I just returned to town and learned about the debate taking place in Congress to redefine Common Article 3 of the Geneva Convention. I do not support such a step and believe it would be inconsistent with the McCain amendment on torture which I supported last year.

I have read the powerful and eloquent letter sent to you by one of my distinguished predecesssors as Chairman of the Joint Chiefs of Staff, General Jack Vessey. I fully endorse in tone and tine his powerful argument. The world is beginning to doubt the moral basis of our fight against terrorism. To redefine Common Article 3 would add to those doubts. Furthermore, it would put our own troops at risk.

I am as familiar with The Armed Forces Officer as is Jack Vessey. It was written after all the horrors of World War II and General George C. Marshall, then Secretary of Defense used it to tell the world and to remind our soliders of our moral obligations with respect to those in our custody

and a nod to general john “jack” vessey (ret.), who served in world war 2, korea and vietnam, and, as far as i can tell, spent more time in active service in the united states military than any other person in history.

Sometimes, the news is a little garbled by the time it reaches the forests of North-central Minnesota, but I call your attention to recent reports that the Congress is considering legislation which might relax the United States support for adherence to Common Article 3 of the Geneva Convention.

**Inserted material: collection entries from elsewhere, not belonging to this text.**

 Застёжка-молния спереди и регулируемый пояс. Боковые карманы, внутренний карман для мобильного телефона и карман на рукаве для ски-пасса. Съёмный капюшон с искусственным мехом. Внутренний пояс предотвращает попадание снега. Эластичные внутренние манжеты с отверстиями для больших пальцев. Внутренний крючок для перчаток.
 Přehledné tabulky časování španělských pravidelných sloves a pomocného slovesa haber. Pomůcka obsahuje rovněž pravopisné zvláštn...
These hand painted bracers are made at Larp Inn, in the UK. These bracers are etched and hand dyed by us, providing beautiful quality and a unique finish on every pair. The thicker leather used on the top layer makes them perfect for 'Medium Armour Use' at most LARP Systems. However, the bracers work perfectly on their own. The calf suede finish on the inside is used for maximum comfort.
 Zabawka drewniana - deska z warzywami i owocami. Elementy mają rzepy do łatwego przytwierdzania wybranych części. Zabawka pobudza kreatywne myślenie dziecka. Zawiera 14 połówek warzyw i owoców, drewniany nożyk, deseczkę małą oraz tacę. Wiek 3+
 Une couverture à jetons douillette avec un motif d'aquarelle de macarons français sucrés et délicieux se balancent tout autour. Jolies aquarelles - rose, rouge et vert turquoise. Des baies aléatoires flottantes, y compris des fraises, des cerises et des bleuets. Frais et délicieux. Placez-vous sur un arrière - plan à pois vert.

If that is true, it would seem to weaken the effect of the McCain Amendment on torture of last year. If such legislation is being considered, I fear that it may weaken America in two respects. First, it would undermine the moral basis which has generally guided or [sic] conduct in war throughout our history. Second, it could give opponents a legal argument for the mistreatment of Americans being helld prisoner in time of war.

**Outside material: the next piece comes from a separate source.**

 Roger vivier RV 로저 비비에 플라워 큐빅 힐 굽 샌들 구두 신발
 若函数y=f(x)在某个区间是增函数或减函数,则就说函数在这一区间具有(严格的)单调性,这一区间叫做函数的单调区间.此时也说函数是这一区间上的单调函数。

In 1950, three years after the creation of the Department of Defense, the then Secretary of Defense, General George C. Marshall, issued a small book, titled The Armed Forces Officer. The book summarized the laws and traditions that governed our Armed Forces through the years. As the Senate deals with the issue it might consider a short quote from the last chapter of that book which General Marshall sent to every American Officer. The last chapter is titled “Americans in Combat” and it lists 29 general propositions which govern the conduct of Americans in war. Number XXV, which I long ago underlined in my copy, reads as follows:

The United States abides by the laws of war. Its Armed Forces, in their dealing with all other peoples, are expected to comply with the laws of war, in the spirit and the letter. In waging war, we do not terrorize helpless non-combatants, if it is within our power to avoid so doing. Wanton killing, torture, cruelty or the working of unusual hardship on enemy prisoners or populations is not justified in any circumstance. Likewise, respect for the reign of law, as that term is understood in the United States, is expected to follow the flag whereever it goes ….”

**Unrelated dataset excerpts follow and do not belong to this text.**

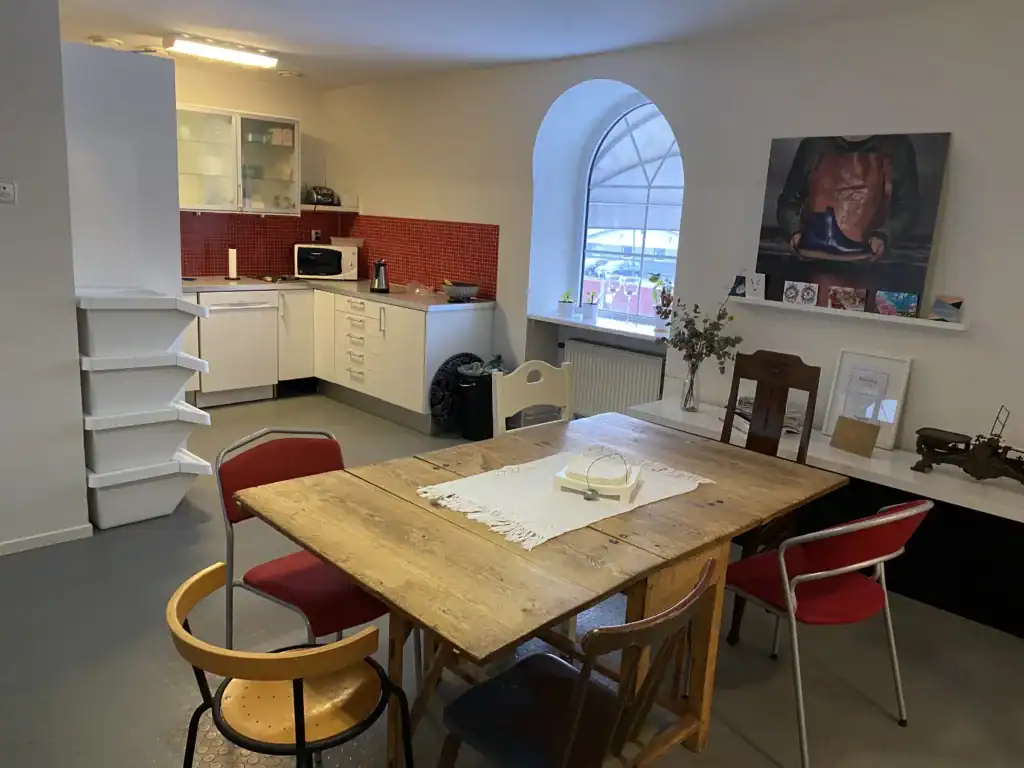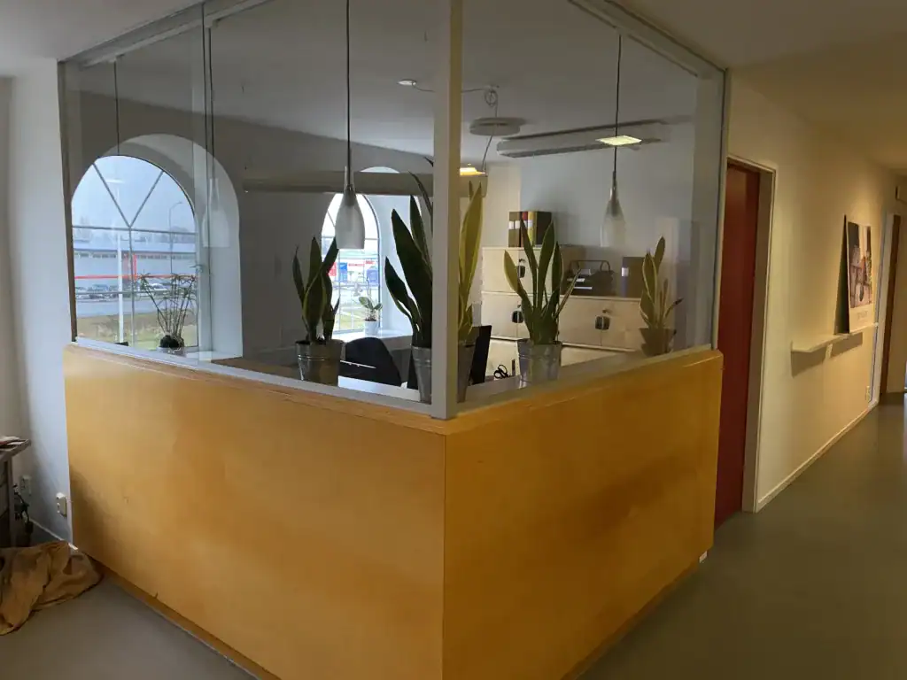Lokalen har ett fint ljusinsläpp genom stora fönsterpartier och charmiga välvda fönster som skapar en ljus och luftig känsla. Här finns både större mötesrum, en trevlig lounge-/visningsyta samt ett fullt utrustat kök/pentry som passar utmärkt för personalens pauser och interna möten.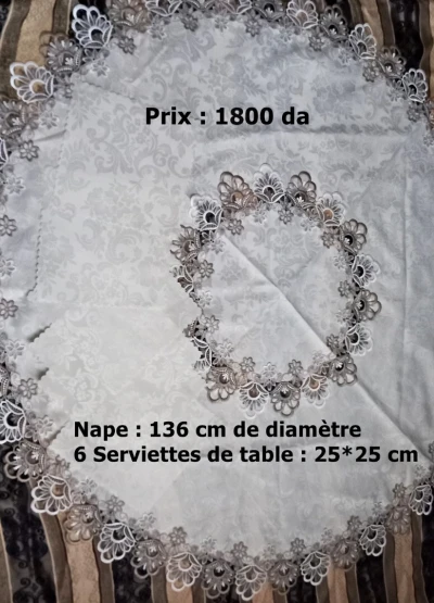 Nappe en parfait état, mesurant 1360 cm de diamètre, avec 6 serviettes de table de 25*25 cm incluses.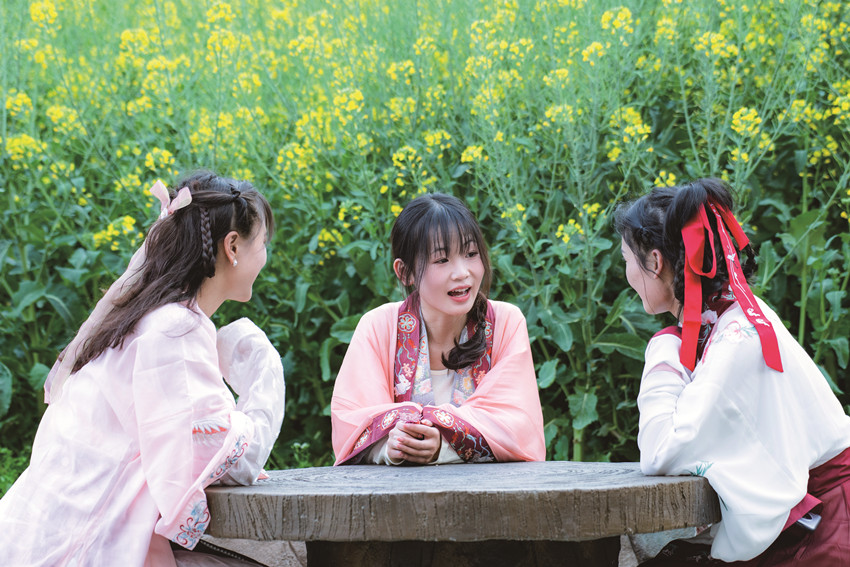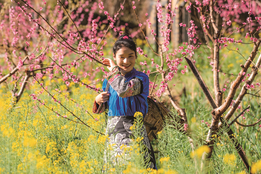 陽春三月,驅(qū)車百里,峰回路轉(zhuǎn),至一小鎮(zhèn),喚烏拉溪,為古驛站。背夫崖下,峻山環(huán)護(hù),小河繞村,屋舍散落,白墻灰瓦,綴以紅檐,桃花夭夭,棧道蜿蜒??图倚∨?,青衣嬌容,穿行花間,簪花比俏。昔日荒坡,綠樹成蔭,繁花之下,草莓豆莢,青果胡豆,蔓草芳苓。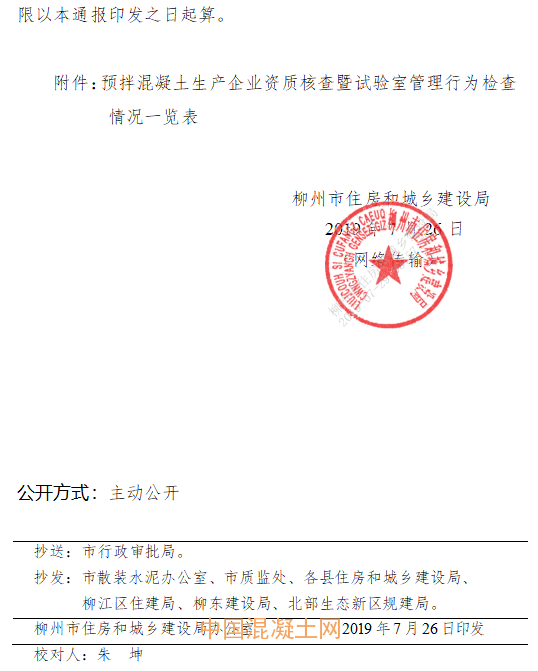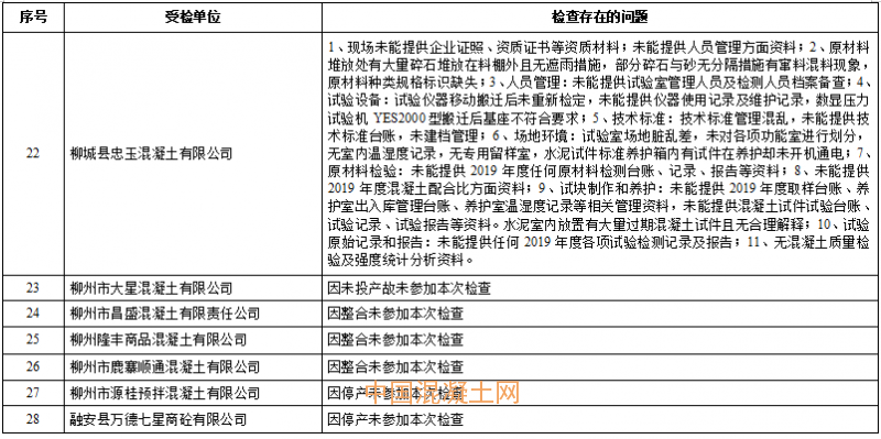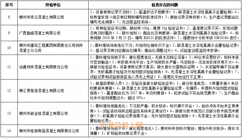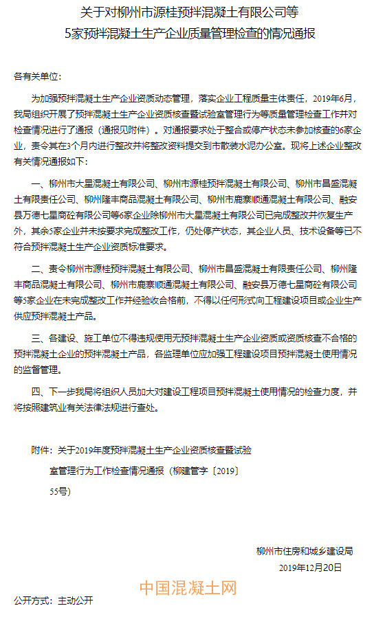 近日,柳州市住房和城鄉建設局發布《關于對柳州市源桂預拌混凝土有限公司等5家預拌混凝土生產企業質量管理檢查的情況通報》,通報稱柳州市源桂預拌混凝土有限公司、柳州市昌盛混凝土有限責任公司、柳州隆豐商品混凝土有限公司、柳州市鹿寨順通混凝土有限公司、融安縣萬德七星商砼有限公司等5家企業并未按要求完成整改工作,仍處停產狀態,其企業人員、技術設備等已不符合預拌混凝土生產企業資質標準要求。責令上述5家企業在未完成整改工作并經驗收合格前,不得以任何形式向工程建設項目或企業生產供應預拌混凝土產品。

For the long term interest of the United States as a nation and for the safety of our own forces in battle, we should continue to maintain those principles. I continue to read and hear that we are facing a “different enemy” in the war on terror; no matter how true that may be, inhumanity and cruelty are not new to warfare nor to enemies we have faced in the past. In my short 46 years in the Armed Forces, Americans confronted the horrors of the prison camps of the Japanese in World War II, the North Koreans in 1950-53, and the North Vietnamese in the long years of the Vietnam War, as well as knowledge of the Nazi’s holocaust deprediations in World War II. Through those years, we held to our own values. We should continue to do so.

Thank you for your own personal courage in maintaining those values, both in war and on the floor of the Senate. I hope that my information about weakening American support for Common Article 3 of the Geneva Convention is in error, and if not, that the Senate will reject any such proposal.

and finally, a nod to the officers that signed this letter [pdf]:

General Joseph Hoar, USMC (Ret.), General John Shalikashvili, USA (Ret.), Admiral Stansfield Turner, USN (Ret.), Lieutenant General Robert G. Gard, Jr., USA (Ret.), Vice Admiral Lee F. Gunn, USN (Ret.), Lieutenant General Claudia J. Kennedy, USA (Ret.), Vice Admiral Albert H. Konetzni, Jr., USN (Ret.), Lieutenant General Charles Otstott, USA (Ret.), Vice Admiral Jack Shanahan, USN (Ret.), Major General John Batiste, USA (Ret.), Major General Eugene Fox, USA (Ret.), Major General John L. Fugh, USA (Ret.), Rear Admiral Don Guter, USN (Ret.), Major General Fred E. Haynes, USMC (Ret.), Rear Admiral John D. Hutson, USN (Ret.), Major General Melvyn Montano, ANG (Ret.), Major General Gerald T. Sajer, USA (Ret.), Brigadier General David M. Brahms, USMC (Ret.), Brigadier General James P. Cullen, USA (Ret.), Brigadier General Evelyn P. Foote, USA (Ret.), Brigadier General David R. Irvine, USA (Ret.), Brigadier General John H. Johns, USA (Ret.), Brigadier General Richard O’Meara, USA (Ret.), Brigadier General Murray G. Sagsveen, USA (Ret.), Brigadier General Anthony Verrengia, USAF (Ret.), Brigadier General Stephen N. Xenakis, USA (Ret.), Ambassador Pete Peterson, USAF (Ret.), Colonel Lawrence B. Wilkerson, USA (Ret.), Honorable William H. Taft IV.

For anyone that would care to take the time, the The Armed Forces Officer is available here [pdf], and from the department of defense as DOD GEN–36A, Army Pamphlet 600-2, Naval Education and Training 46905–A, Air Force Pamphlet 190–13, and Navy Marine Corps Document 2563.